Is there a way to avoid/ reduce/minimize prepayment penalty charges?
There are certain prudent ways of minimizing the penalty charges. These methods include:
• Utilizing the prepayment privileges to the maximum extent possible every year. This will reduce the total term of your loan and decrease the final balance, which will be considered for penalty calculation.
• If possible, wait out the term of your loan so you can pre-pay a lumpsum amount without paying a penalty.
• If you are selling your old house and buying a new one, check with your lender if your existing mortgage can be ported with the same interest rate and terms and conditions.
• Never settle for the first refinancing or renewal of the mortgage offer that comes your way. Always look around and talk to mortgage brokers and lenders to choose a flexible plan.
• The easiest way to avoid a prepayment penalty is to choose an open mortgage plan that allows you to pay extra amounts as and when possible without any penalties. The only downside to this option is the possibility of a higher interest rate on an open mortgage than a closed or a variable one.
Becoming debt-free by closing a loan is often a milestone most of us want to achieve. Especially when we are trying to achieve the financial independence target, clearing our existing debts is the first task that needs to be completed. Yet, a word of advice that can be doled out here is that if the loan prepayment includes heavy penalties, it makes financial sense to continue making the mortgage payments and allow the loan to close at its decided term.
The extra amount you can spare after utilizing prepayment privileges can be re-invested into the market in a portfolio that can give you higher returns. Also, closing a loan early can adversely affect your credit score as well as there are no regular payments once the loan is closed. Before you decide to foreclose your mortgage, always seek advice from experts and your lender on the charges for closing the loan and make an informed decision based on your financial situation.
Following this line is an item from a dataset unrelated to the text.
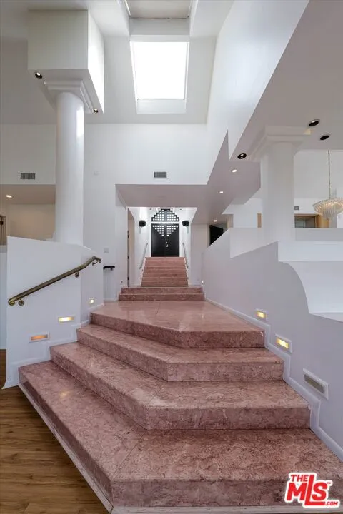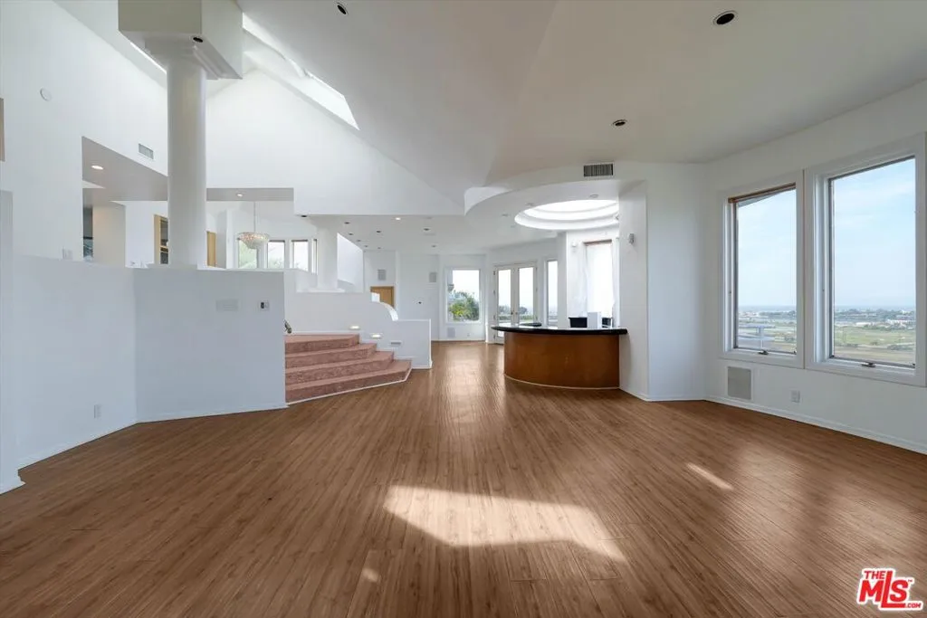 Calling all savvy investors and ambitious owner-users buyers. This stunning multi-level, sun-drenched residence with 4 bedrooms, 5.5 bathrooms, and approximately 6,881 square feet is ready for your vision and design. The home is in need of remodeling/repairs and provides a great opportunity to reimagine the space. A private elevator services multiple levels and the spectacular rooftop patio is ideal for entertaining against breathtaking ocean and city light views. Designed for both grand scale gatherings and refined everyday living, the formal living room features a fireplace, wet bar, custom built-in aquarium, and French doors opening to an expansive patio for effortless indoor-outdoor living showcasing jetliner views to the ocean. An elegant formal dining room provides the perfect setting for dinner parties and family gatherings. The chef's kitchen is thoughtfully appointed with a center island, window seat, built-in desk, and generous cabinetry. Oversized windows, French doors, and skylights throughout the home flood the interiors with natural light. The lavish primary suite is a true retreat offering a fireplace, separate sitting room with wet bar, expansive walk-in closet, and French doors leading to a patio with sweeping views. Dual spa-inspired ensuite bathrooms feature a soaking tub with fireplace and two separate showers. An expansive game and entertainment room impresses with a full bar, butler's pantry with wine room, space for a pool table and other gaming tables, and French doors opening to a patio with sweeping views. The lower level reveals a resort-style rear patio complete with built-in BBQ and spa, along with private access to the fourth bedroom featuring a wet bar and en-suite bath with sauna. Additional highlights include direct access to a two-car garage and a prime location close to trendy shopping, dining, and entertainment offering an exceptional lifestyle of luxury, comfort, and convenience. Per tax records 4BR/5BA, property functions with 4BR/5.5BA. Property has solar panels and buyer to assume solar lease.

Q. How can I save money to pay my loan earlier than its tenure?
Saving money requires a lot of daily planning and execution, including savings automation and many other activities that can be taught as money-saving habits.
Q. Is my credit score impacted by a foreclosure of a loan?
Since no regular monthly payments are being reported to credit bureaus, your credit score may take a short-term dip. However, in the long run, since your credit history reflects an early repayment, you will be seen as a person with a good credit history.